Il tema della Domenica
In questa terza domenica del tempo ordinario vengono poste drammaticamente a confronto due storie di vocazione, con due risposte antitetiche. Da una parte Giona il quale, chiamato a un’ardua missione, se ne va «lontano dal Signore»; dall’altra, due coppie di fratelli che, all’invito di Gesù, lasciano le reti e «lo seguono». Storie diverse, perché diverse sono le personalità, le attese, le paure…
Eppure l’accostamento invita il lettore a pensare se non siano, in fondo, storie che viaggiano gomito a gomito e, spesso, s’incrociano, attraversando – l’una e l’altra – la vicenda di ciascuno.

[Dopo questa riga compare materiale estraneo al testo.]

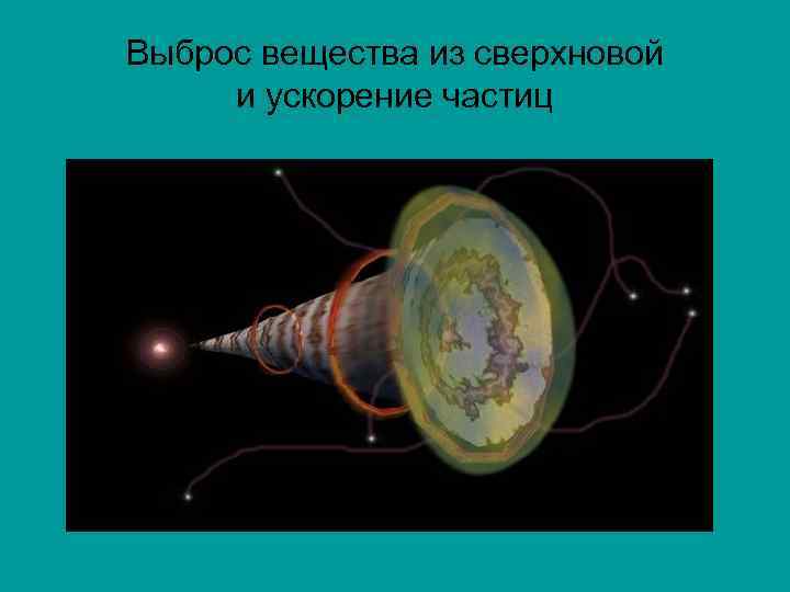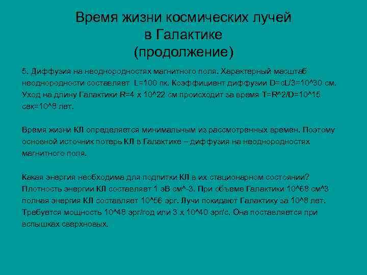 Время жизни космических лучей в Галактике (продолжение) 5. Диффузия на неоднородностях магнитного поля. Характерный масштаб неоднородности составляет L=100 пк. Коэффициент диффузии D=c. L/3=10^30 см. Уход на длину Галактики R=4 х 10^22 см происходит за время T=R^2/D=10^15 сек=10^8 лет. Время жизни КЛ определяется минимальным из рассмотренных времен. Поэтому основной источник потерь КЛ в Галактике – диффузия на неоднородностях магнитного поля. Какая энергия необходима для подпитки КЛ в их стационарном состоянии? Плотность энергии КЛ составляет 1 э. В см^-3. При объеме Галактики 10^68 см^3 полная энергия КЛ составляет 10^56 эрг. Лучи покидают Галактику за 10^8 лет. Требуется мощность 10^48 эрг/год или 3 х 10^40 эрг/с. Она поставляется при вспышках сверхновых.
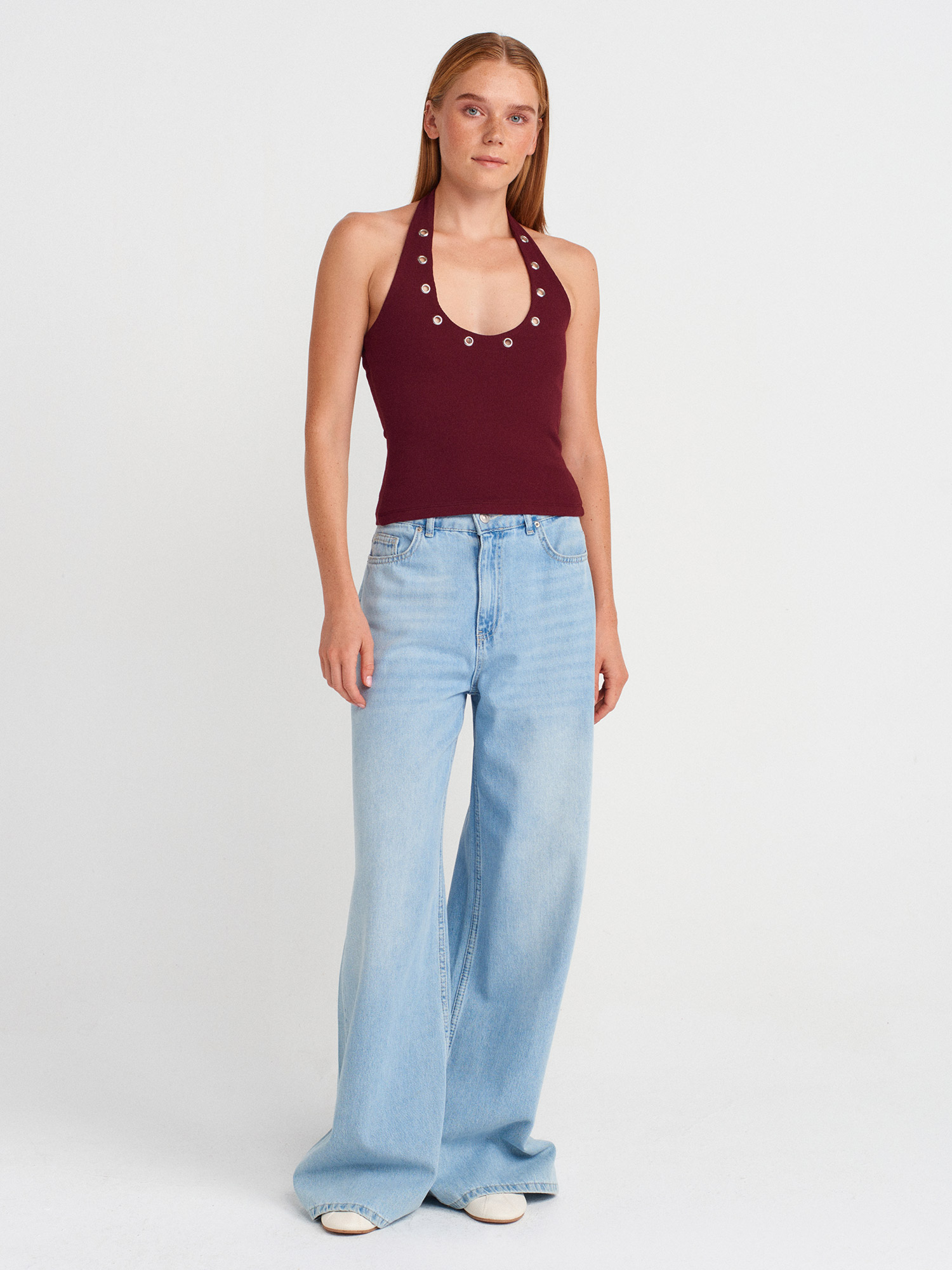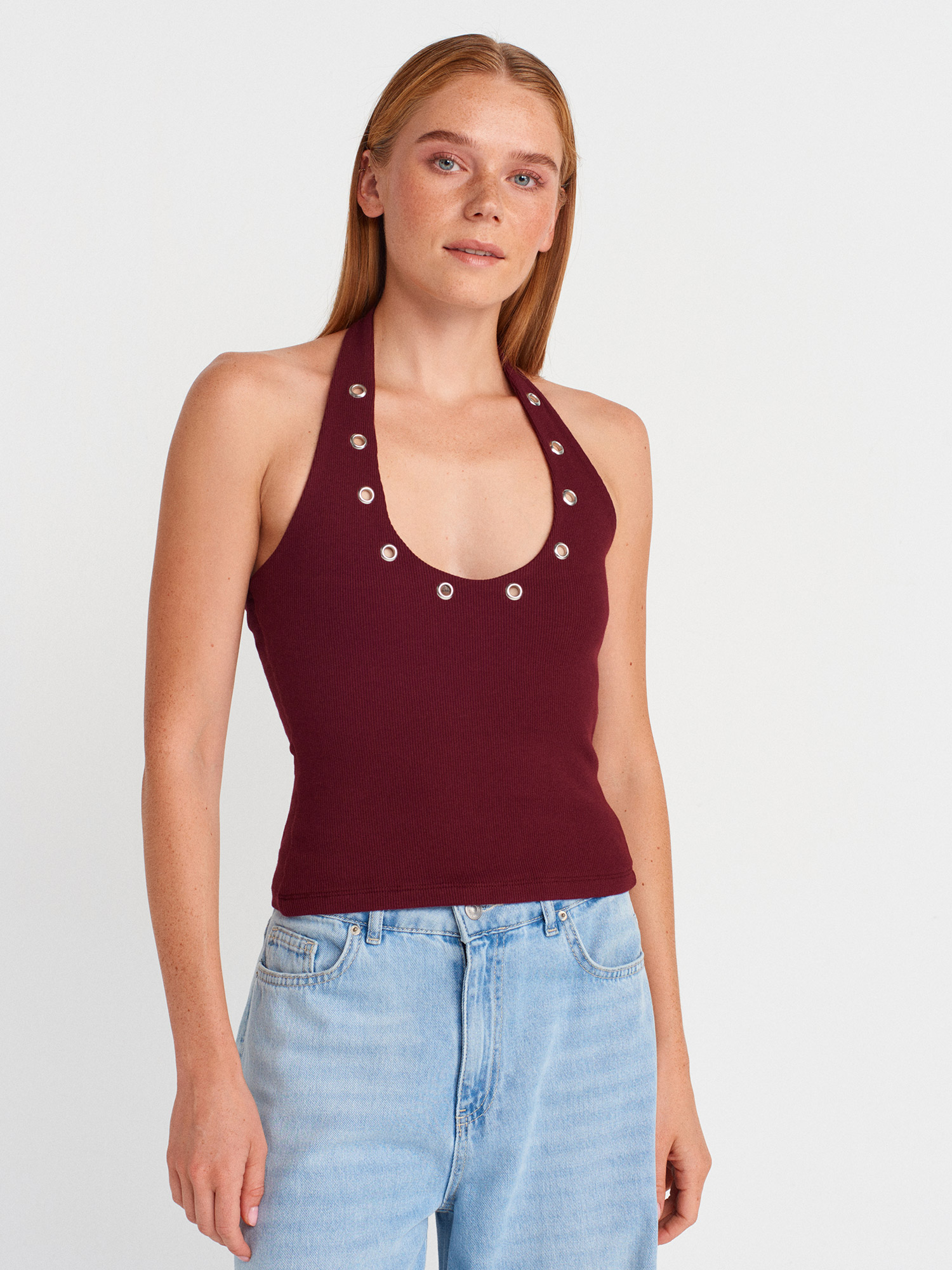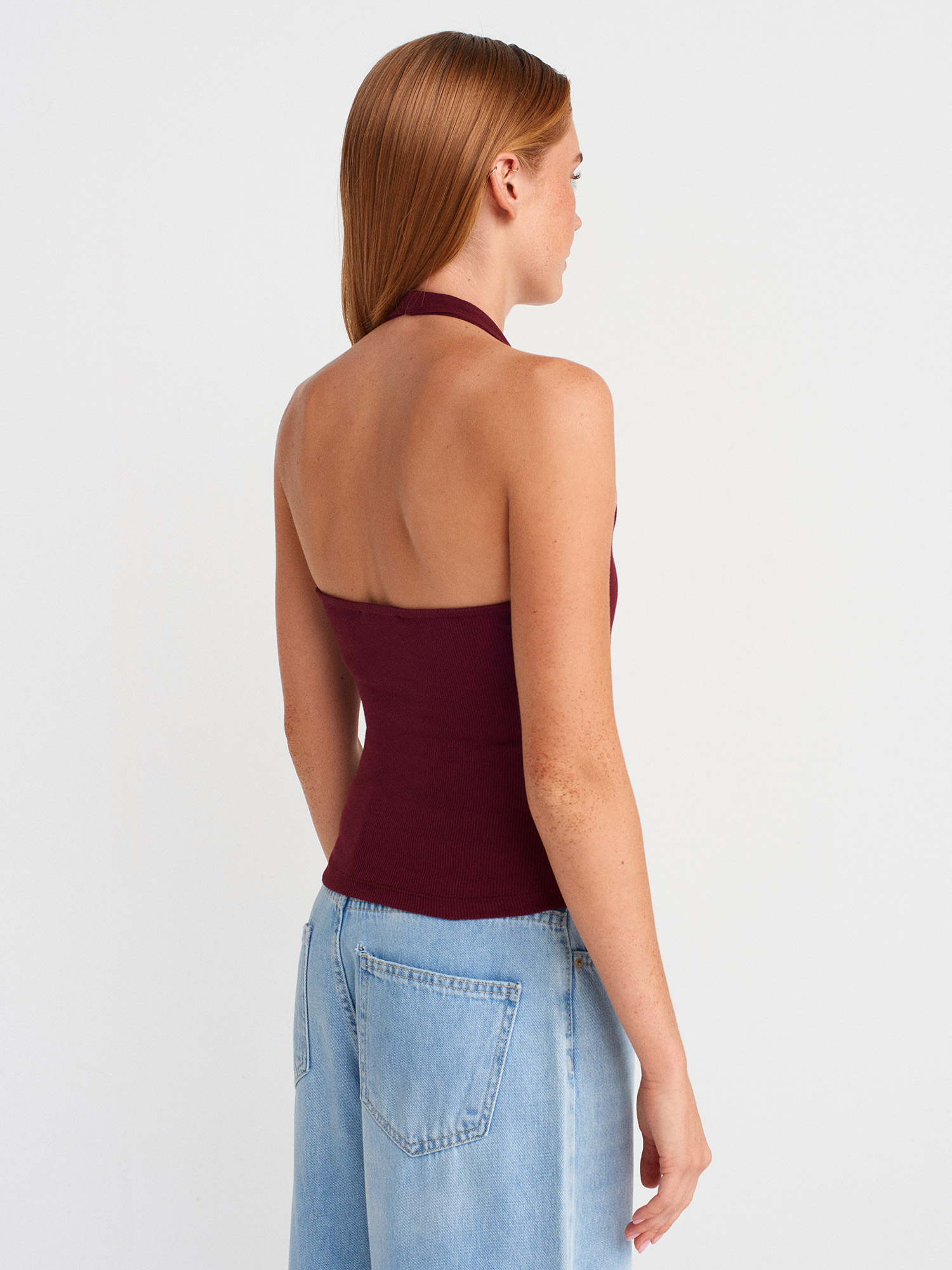 21162 Halter Yaka Top-Bordo

La prima lettura: Gio 3,1-5.10
Il libretto di Giona è uno dei più affascinanti della letteratura biblica, ma non è di facile comprensione, e le varie interpretazioni che sono state date ne sono una chiara testimonianza. Una convinzione, tuttavia, si è fatta strada in questi ultimi decenni: più che da un punto di vista etnico o psicologico, la storia va letta come un racconto teologico che invita i lettori allo stupore davanti a un Dio, che non si lascia imprigionare negli schemi dei “Giona” di ogni tempo.
All’inizio della storia troneggia «la parola del Signore» che s’indirizza al profeta intimandogli: «Alzati, va’ a Ninive la grande città e in essa proclama che la loro malizia è salita fino a me». È questa parola la chiave di volta della storia di Giona, perché è con essa che il profeta, volente o nolente, dovrà misurarsi in tutta la sua vita.
All’inizio di una storia di vocazione – e intendo “inizio” come principio assoluto, da cui tutto ha origine – c’è sempre la Parola di Dio, che chiama e mette in cammino, interpella e provoca. L’uomo trova ingombrante questa Parola, perché esige e turba la quiete, invita e mette in discussione. Così è anche per Giona. La parola gli indica Ninive, l’oriente, e lui – senza una parola! – s’imbarca per Tarsis che si trova a occidente. Giona, in fondo, è un uomo ragionevole: perché andare a Ninive, universalmente nota come città malvagia e irrimediabilmente perduta? Perché ficcarsi in un’avventura dove il risultato non vale il costo? Giona conosce bene le armi della ragionevolezza. È un uomo religioso, corazzato con l’armatura del “do ut des”, l’armatura della legge. È il credente che si compromette quando la garanzia della riuscita è alta e il risultato a portata di mano. In caso contrario, perché rischiare?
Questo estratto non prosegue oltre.